* **Work item**
Write out every record below exactly as it stands, leaving the pictures out.

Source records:
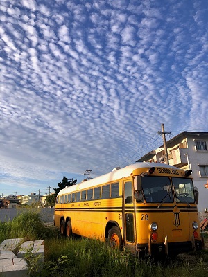 遠い国からはるばるやってきたスクールバスがかわいい。
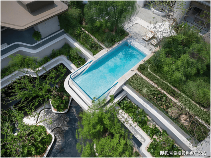 灵感源自新加坡edtion度假酒店的悬挑式戏水池,搭配4.3米飞瀑,创造别具一格的城市绿意的立体浮岛视觉奇观。
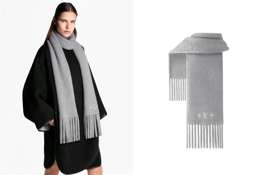 Louis Vuitton LV Fluffy Scarf (HK$5,500) 厚实蓬松的质感搭配标志性Monogram图案,既保持低调又彰显品味。无论是披在大衣外侧或随意缠绕颈间,都能瞬间提升整体造型的奢华指数。
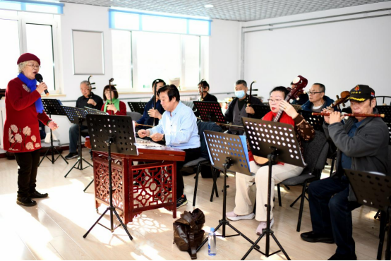 荷花民乐团是社区文化亮点,这支由中老年音乐爱好者组成的公益性团体现有50余名演奏员。在社区党委带领下,历经十余年发展,乐团已成为规模完备、管理规范的专业民乐团队。谈及乐团的发展,荷花民乐团团长李新敏满是感慨:“社区给我们提供了太多方便,不光帮忙复印乐谱,还专门提供排练室,现在的排练条件比过去好太多了,冬天有暖气、夏天有空调,大家排练起来更舒心。咱们乐团成员平均年龄70岁,有了这么好的平台,退休生活也添了不少色彩,日子过得充实又开心。”
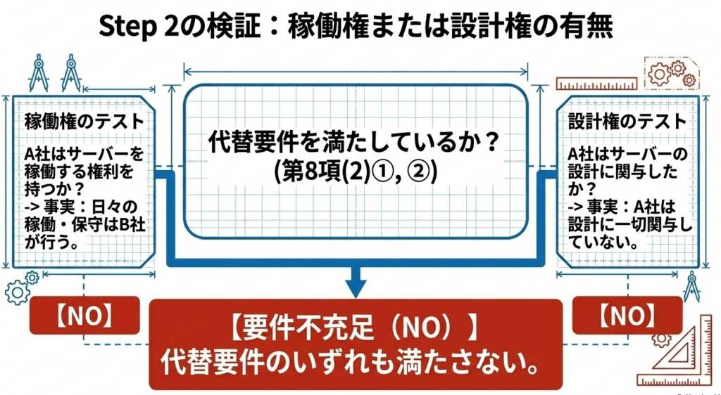 のいずれかである必要があります。しかし、本設例ではA社に稼働権限はなく、設計にも関与していないため、この要件も満たしません。
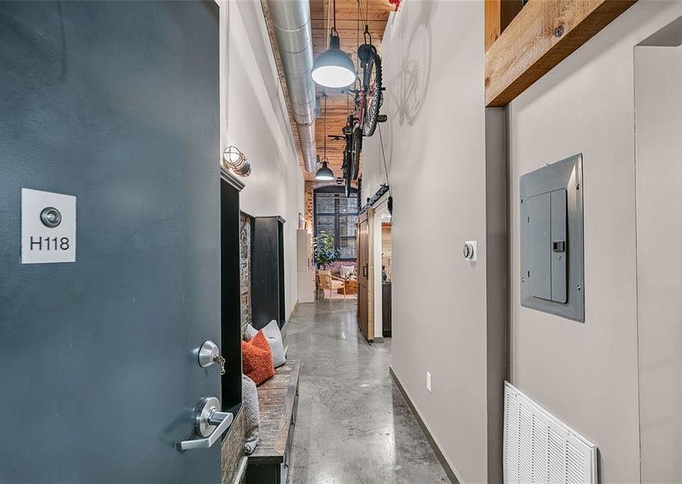 Check out the Soaring Ceilings, exposed brick, and private views, ground floor unit. Enjoy unmatched in-town living at the Stacks, Atlanta’s premier luxury loft residence. Private fitness center, recently refurbished Olympic-size swimming pool, multiple gas grills, new outdoor seating areas, and new plants. You are just a few steps from numerous restaurants and nightlife. The loft has concrete floors with an open floorplan with wood plank ceilings, and two very large windows. Entertain with ease in the spacious family room with fireplace and built-in shelf unit, and adjoining dining and den with a renovated white kitchen with new countertops, cabinets, subway tiles, and new stainless appliances with coffee/bar area under the modern straight stairs. Rest and Relax in the owner suite (main level), ensuite bathroom with double sink, with walk-in closet, and glass-enclosed shower. The second bedroom on the top level is also perfect for a home office, and a second full bathroom upstairs with a large walk-in closet and bonus storage room. Downstairs includes an in-unit laundry room (washer and dryer stay). This captivating condo is steps to the Beltline, Atlanta Dairies, Krog Street Market, more restaurants, shopping, The Fetch Dog Park, ATL MLK Historic Site, and MLK MARTA Station. The owner has installed a new kitchen, bathrooms, new hot water heater, The AC is 3 years old. Utility closets and both bedroom closets have upgrades. New upstairs flooring, Reserved gated parking space #401 plus additional rooftop parking deck.
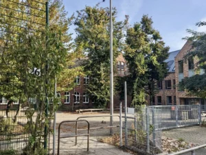 Den Neubau an der Ostseite des Grundstücks haben wir 2017 errichtet. Dort befinden sich die Klassenräume der Klassen 10 bis 12, die Mensa, Räume für den Fachunterricht und der Saal, den wir für Veranstaltungen nutzen.
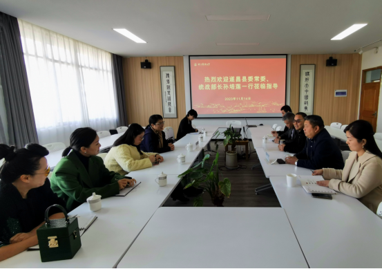 11月14日,遂昌县委常委、统战部长孙培莲一行来校调研交流,副校长吴家胜陪同调研。遂昌舒阁艺家负责人、国教学院负责人和相关人员陪同调研并参加座谈。
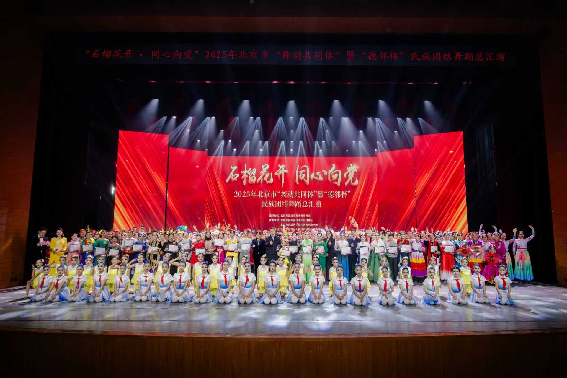 人民政协网北京1月8日电(记者 奚冬琪)1月7日晚,“石榴花开·同心向党”2025年北京市“舞动共同体”暨“德邻杯”民族团结舞蹈总汇演在中央民族歌舞团民族剧院隆重举行。
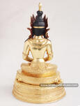 Aparmita is the name given to Amitabha in his character of bestower of longevity. Aparmita may be turned either a “Crowned Buddha or a Bodhisattva and is therefore richly clad and wears the thirteen ornaments. His hair is painted blue and falls on either side to his elbows or may be curiously coiled. Aparmita is seated like Buddha and his hands lie on his lap in Dhyana Mudra holding the ambrosia vase, his special emblem. The vase is richly decorated and from the cover fall four strings of beads which represent sacred pills. In the preliminary worship, the pills made from buttered dough and the ambrosia brewed from spirit or beer and offered in a skull bowl to the great image of Aparmita. The lama then places a vajra on the ambrosia vase, which the image of Amitayus holds in its lap, and applies a cord, which is attached to the vajra, his own heart. The wine in the ambrosia vase is then consecrated and the people partake of it as well as of the sacred pills with the firm conviction that there lives will be prolonged through their faith in Aparmita.
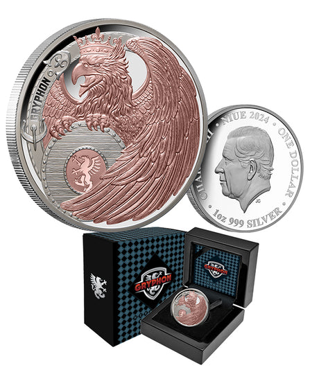 Heraldic Beasts 2024 $1 Gryphon Rose Gold-plated 1oz Silver Proof Coin
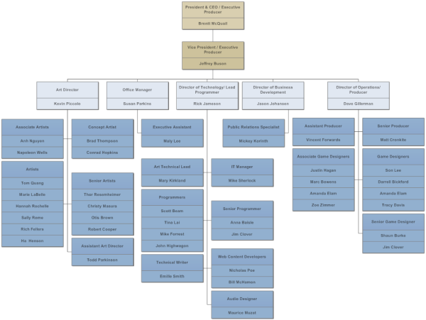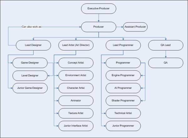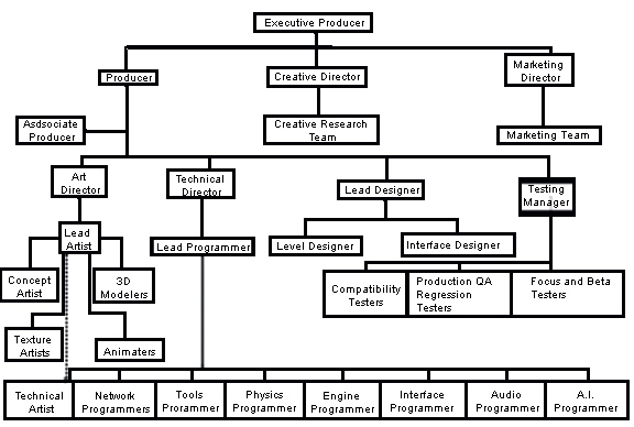 首先一个标配游戏团队中有三大 Director:Creative Director(创意总监)、Technical Director(技术总监)、Art Director(艺术总监)。说土鳖点就是:主策、主程、主美。很多新人以为 Creative Director(主策划)就是游戏团队中最大的 BOSS,可以拍板说话。但其实三大 Director 上面还有 Producer,在公司里 Producer 上面还有 CEO,CEO 上面还有 Board of Directors。
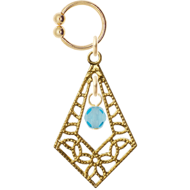 海のきらめきを閉じ込めたようなアクアマリンをあしらったイヤーカフ。透かし模様のゴールドフレームが繊細に光を反射し、耳元を華やかに彩ります。宝石言葉は『幸福』『永遠の愛』。
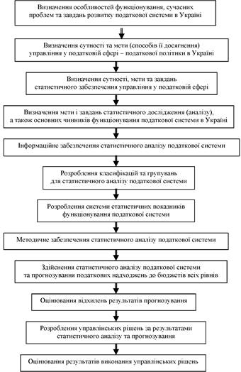 Наукове дослідження питань щодо ефективного реформування та побудови раціональної податкової системи в Україні неможливе без відповідного статистичного забезпечення управлінських рішень, спрямованих на оптимізацію оподаткування. Національна податкова система характеризується високим рівнем складності явищ і процесів, що їй притаманні . Це пояснюється великою кількістю елементів системи, які взаємодіють між собою та з елементами інших систем. Такі явища і процеси є масовими. Проводити дослідження та оцінювати динамічні зміни масових явищ і процесів, а також взаємозв'язків між ними можливо шляхом системного підходу із використанням статистичних методів. Таким чином, слід зазначити, що основне завдання статистичного забезпечення управлінських рішень щодо вдосконалення податкової системи полягає у дослідженні за допомогою статистичних методів та моделей кількісних відношень масових явищ і процесів, що пов'язані з функціонуванням податкової системи, у зв'язку з їх якісним асчпектом. Кількісно-якісну характеристику масових соціально-економічних явищ і процесів відображає система статистичних показників, за допомогою якої реалізуються основні принципи статистичного підходу до вдосконалення податкової системи. Тому методичне забезпечення є важливою складовою статистичного забезпечення управління у сфері оподаткування. Ще однією не менш важливою складовою статистичного забезпечення управління є формування інформаційного забезпечення, а саме: збирання, зберігання, оброблення та передача інформації. Ефективність функціонування податкової системи значною мірою залежить від рівня організації інформаційних процесів, актуальності та своєчасності отримання інформації, її повноти і достовірності, значущості показників. Наукове обґрунтування управління у податковій сфері передбачає обов'язкове виконання попередніх (підготовчих) етапів, які забезпечать прийняття адекватних та ефективних управлінських рішень, а також своєчасну їх реалізацію. Це, по-перше, пізнання економічних законів і особливостей їх дії в даних конкретних умовах функціонування податкової системи в Україні; подруге, використання статистичного інформаційного та методичного забезпечення для наукового аналізу особливостей національної податкової системи; по-третє, використання відповідного технічного забезпечення для своєчасного здобуття, оброблення та ефективного використання інформаційної бази, а також підготовка кваліфікованих кадрів для практичного застосування прогресивних наукових розробок. Таким чином, процес розроблення статистичного забезпечення управлінських рішень щодо вдосконалення податкової системи в Україні можна розкласти на певні етапи або складові частини (рис. 2). Для забезпечення ефективності управління повинно бути організовано безперервний процес формування його статистичного забезпечення з метою постійного вдосконалення управління відповідно до динаміки статистичних показників соціально-економічного розвитку. Збагачення методології статистичного дослідження особливостей функціонування податкової системи відбувається шляхом застосування на практиці сучасних статистичних методів і моделей.

* **Solution to the exercise**
 遠い国からはるばるやってきたスクールバスがかわいい。
 灵感源自新加坡edtion度假酒店的悬挑式戏水池,搭配4.3米飞瀑,创造别具一格的城市绿意的立体浮岛视觉奇观。
 Louis Vuitton LV Fluffy Scarf (HK$5,500) 厚实蓬松的质感搭配标志性Monogram图案,既保持低调又彰显品味。无论是披在大衣外侧或随意缠绕颈间,都能瞬间提升整体造型的奢华指数。
 荷花民乐团是社区文化亮点,这支由中老年音乐爱好者组成的公益性团体现有50余名演奏员。在社区党委带领下,历经十余年发展,乐团已成为规模完备、管理规范的专业民乐团队。谈及乐团的发展,荷花民乐团团长李新敏满是感慨:“社区给我们提供了太多方便,不光帮忙复印乐谱,还专门提供排练室,现在的排练条件比过去好太多了,冬天有暖气、夏天有空调,大家排练起来更舒心。咱们乐团成员平均年龄70岁,有了这么好的平台,退休生活也添了不少色彩,日子过得充实又开心。”
 のいずれかである必要があります。しかし、本設例ではA社に稼働権限はなく、設計にも関与していないため、この要件も満たしません。
 Check out the Soaring Ceilings, exposed brick, and private views, ground floor unit. Enjoy unmatched in-town living at the Stacks, Atlanta’s premier luxury loft residence. Private fitness center, recently refurbished Olympic-size swimming pool, multiple gas grills, new outdoor seating areas, and new plants. You are just a few steps from numerous restaurants and nightlife. The loft has concrete floors with an open floorplan with wood plank ceilings, and two very large windows. Entertain with ease in the spacious family room with fireplace and built-in shelf unit, and adjoining dining and den with a renovated white kitchen with new countertops, cabinets, subway tiles, and new stainless appliances with coffee/bar area under the modern straight stairs. Rest and Relax in the owner suite (main level), ensuite bathroom with double sink, with walk-in closet, and glass-enclosed shower. The second bedroom on the top level is also perfect for a home office, and a second full bathroom upstairs with a large walk-in closet and bonus storage room. Downstairs includes an in-unit laundry room (washer and dryer stay). This captivating condo is steps to the Beltline, Atlanta Dairies, Krog Street Market, more restaurants, shopping, The Fetch Dog Park, ATL MLK Historic Site, and MLK MARTA Station. The owner has installed a new kitchen, bathrooms, new hot water heater, The AC is 3 years old. Utility closets and both bedroom closets have upgrades. New upstairs flooring, Reserved gated parking space #401 plus additional rooftop parking deck.
 Den Neubau an der Ostseite des Grundstücks haben wir 2017 errichtet. Dort befinden sich die Klassenräume der Klassen 10 bis 12, die Mensa, Räume für den Fachunterricht und der Saal, den wir für Veranstaltungen nutzen.
 11月14日,遂昌县委常委、统战部长孙培莲一行来校调研交流,副校长吴家胜陪同调研。遂昌舒阁艺家负责人、国教学院负责人和相关人员陪同调研并参加座谈。
 人民政协网北京1月8日电(记者 奚冬琪)1月7日晚,“石榴花开·同心向党”2025年北京市“舞动共同体”暨“德邻杯”民族团结舞蹈总汇演在中央民族歌舞团民族剧院隆重举行。
 Aparmita is the name given to Amitabha in his character of bestower of longevity. Aparmita may be turned either a “Crowned Buddha or a Bodhisattva and is therefore richly clad and wears the thirteen ornaments. His hair is painted blue and falls on either side to his elbows or may be curiously coiled. Aparmita is seated like Buddha and his hands lie on his lap in Dhyana Mudra holding the ambrosia vase, his special emblem. The vase is richly decorated and from the cover fall four strings of beads which represent sacred pills. In the preliminary worship, the pills made from buttered dough and the ambrosia brewed from spirit or beer and offered in a skull bowl to the great image of Aparmita. The lama then places a vajra on the ambrosia vase, which the image of Amitayus holds in its lap, and applies a cord, which is attached to the vajra, his own heart. The wine in the ambrosia vase is then consecrated and the people partake of it as well as of the sacred pills with the firm conviction that there lives will be prolonged through their faith in Aparmita.
 Heraldic Beasts 2024 $1 Gryphon Rose Gold-plated 1oz Silver Proof Coin
 首先一个标配游戏团队中有三大 Director:Creative Director(创意总监)、Technical Director(技术总监)、Art Director(艺术总监)。说土鳖点就是:主策、主程、主美。很多新人以为 Creative Director(主策划)就是游戏团队中最大的 BOSS,可以拍板说话。但其实三大 Director 上面还有 Producer,在公司里 Producer 上面还有 CEO,CEO 上面还有 Board of Directors。
 海のきらめきを閉じ込めたようなアクアマリンをあしらったイヤーカフ。透かし模様のゴールドフレームが繊細に光を反射し、耳元を華やかに彩ります。宝石言葉は『幸福』『永遠の愛』。
 Наукове дослідження питань щодо ефективного реформування та побудови раціональної податкової системи в Україні неможливе без відповідного статистичного забезпечення управлінських рішень, спрямованих на оптимізацію оподаткування. Національна податкова система характеризується високим рівнем складності явищ і процесів, що їй притаманні . Це пояснюється великою кількістю елементів системи, які взаємодіють між собою та з елементами інших систем. Такі явища і процеси є масовими. Проводити дослідження та оцінювати динамічні зміни масових явищ і процесів, а також взаємозв'язків між ними можливо шляхом системного підходу із використанням статистичних методів. Таким чином, слід зазначити, що основне завдання статистичного забезпечення управлінських рішень щодо вдосконалення податкової системи полягає у дослідженні за допомогою статистичних методів та моделей кількісних відношень масових явищ і процесів, що пов'язані з функціонуванням податкової системи, у зв'язку з їх якісним асчпектом. Кількісно-якісну характеристику масових соціально-економічних явищ і процесів відображає система статистичних показників, за допомогою якої реалізуються основні принципи статистичного підходу до вдосконалення податкової системи. Тому методичне забезпечення є важливою складовою статистичного забезпечення управління у сфері оподаткування. Ще однією не менш важливою складовою статистичного забезпечення управління є формування інформаційного забезпечення, а саме: збирання, зберігання, оброблення та передача інформації. Ефективність функціонування податкової системи значною мірою залежить від рівня організації інформаційних процесів, актуальності та своєчасності отримання інформації, її повноти і достовірності, значущості показників. Наукове обґрунтування управління у податковій сфері передбачає обов'язкове виконання попередніх (підготовчих) етапів, які забезпечать прийняття адекватних та ефективних управлінських рішень, а також своєчасну їх реалізацію. Це, по-перше, пізнання економічних законів і особливостей їх дії в даних конкретних умовах функціонування податкової системи в Україні; подруге, використання статистичного інформаційного та методичного забезпечення для наукового аналізу особливостей національної податкової системи; по-третє, використання відповідного технічного забезпечення для своєчасного здобуття, оброблення та ефективного використання інформаційної бази, а також підготовка кваліфікованих кадрів для практичного застосування прогресивних наукових розробок. Таким чином, процес розроблення статистичного забезпечення управлінських рішень щодо вдосконалення податкової системи в Україні можна розкласти на певні етапи або складові частини (рис. 2). Для забезпечення ефективності управління повинно бути організовано безперервний процес формування його статистичного забезпечення з метою постійного вдосконалення управління відповідно до динаміки статистичних показників соціально-економічного розвитку. Збагачення методології статистичного дослідження особливостей функціонування податкової системи відбувається шляхом застосування на практиці сучасних статистичних методів і моделей.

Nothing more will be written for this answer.